Anne-Catherine Burteau: "Je travaille tout autant mais mno horaire ets plus facile à  gérer"

Quand je leur ai annoncé mon départ pour l'enseignement, certains de mes collègues ont fait de grands yeux ! ", sourit Anne-Catherine Burteau (photo). On peut les comprendre : titulaire d'un doctorat en chimie, affichant déjà  une dizaine d'années de carrière chez UCB, multinationale de la pharmacie, la jeune femme disposait de tous les atouts pour grimper bien haut sur l'échelle des responsabilités. " De plus, j'avais un job intéressant, faisant le lien entre la recherche et la production. Je travaillais avec des techniciens dans des installations pilotes, je voyageais... mais j'estimais alors avoir fait le tour de la question. C'est la restructuration de 2008, le départ de nombreux collègues et une ambiance de travail dégradée qui m'ont finalement conduite à  prendre cette décision.  "

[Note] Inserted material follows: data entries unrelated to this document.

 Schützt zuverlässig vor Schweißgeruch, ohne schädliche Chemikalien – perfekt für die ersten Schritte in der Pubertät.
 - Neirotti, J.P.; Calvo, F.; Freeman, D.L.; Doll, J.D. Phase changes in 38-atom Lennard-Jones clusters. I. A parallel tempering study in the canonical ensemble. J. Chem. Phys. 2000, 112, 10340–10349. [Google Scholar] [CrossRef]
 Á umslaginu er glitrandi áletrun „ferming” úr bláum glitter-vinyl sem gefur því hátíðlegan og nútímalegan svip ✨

Davantage qu'une décision, c'est une révolution dans laquelle elle s'engage. Aujourd'hui professeur de chimie et de biologie au Lycée Martin V à  Louvain-la-Neuve, un établissement renommé du Brabant wallon, elle reconnaît que le passage fut moins évident à  négocier qu'elle l'avait imaginé. " J'étais bien consciente que j'allais devoir repartir de zéro, n'ayant aucune expérience dans l'enseignement si ce n'est quelques années en tant qu'assistante à  l'UCL, en marge de mon doctorat. Je savais aussi que, n'ayant pas le " titre requis " (voir ci-contre, NDLR), je quittais un emploi stable pour quelques années dans l'inconnu, dédiées à  effectuer des remplacements avant d'être éventuellement nommée à  titre définitif ", précise-t-elle. " Et je savais enfin que j'allais y perdre quelques plumes sur le plan salarial : une diminution par deux de mon salaire de base ainsi que la perte des avantages classiques dans le secteur privé comme la voiture de société, les assurances et les formations, entre autres. "

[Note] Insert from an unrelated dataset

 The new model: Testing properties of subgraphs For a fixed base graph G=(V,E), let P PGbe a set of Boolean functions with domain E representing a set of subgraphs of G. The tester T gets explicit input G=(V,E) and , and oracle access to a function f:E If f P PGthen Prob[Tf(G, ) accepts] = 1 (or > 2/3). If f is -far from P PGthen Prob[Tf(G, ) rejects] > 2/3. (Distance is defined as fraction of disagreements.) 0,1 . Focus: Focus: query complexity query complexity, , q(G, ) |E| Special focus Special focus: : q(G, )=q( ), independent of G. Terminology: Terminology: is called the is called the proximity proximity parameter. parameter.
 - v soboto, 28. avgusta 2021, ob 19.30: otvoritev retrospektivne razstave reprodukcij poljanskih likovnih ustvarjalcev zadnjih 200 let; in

Mais la vraie difficulté du virage, c'est ailleurs qu'il faut la chercher. Dans la nature du job, tout simplement. " L'enseignement est un secteur très exposé. Les profs se sentent constamment dans l'obligation de se justifier vis-à -vis de nombreux " stakeholders " : les parents, qui ont tous un avis sur la question, la direction, les éventuelles inspections... sans oublier les élèves ", poursuit-elle. " Dans mon entreprise, j'avais encore la possibilité de me réfugier une heure ou deux derrière mon PC quand je n'étais pas trop en forme. Ici, je n'ai pas le choix : je dois prester quoi qu'il advienne, debout devant une classe d'ados qui ne laisseront évidemment rien passer ! "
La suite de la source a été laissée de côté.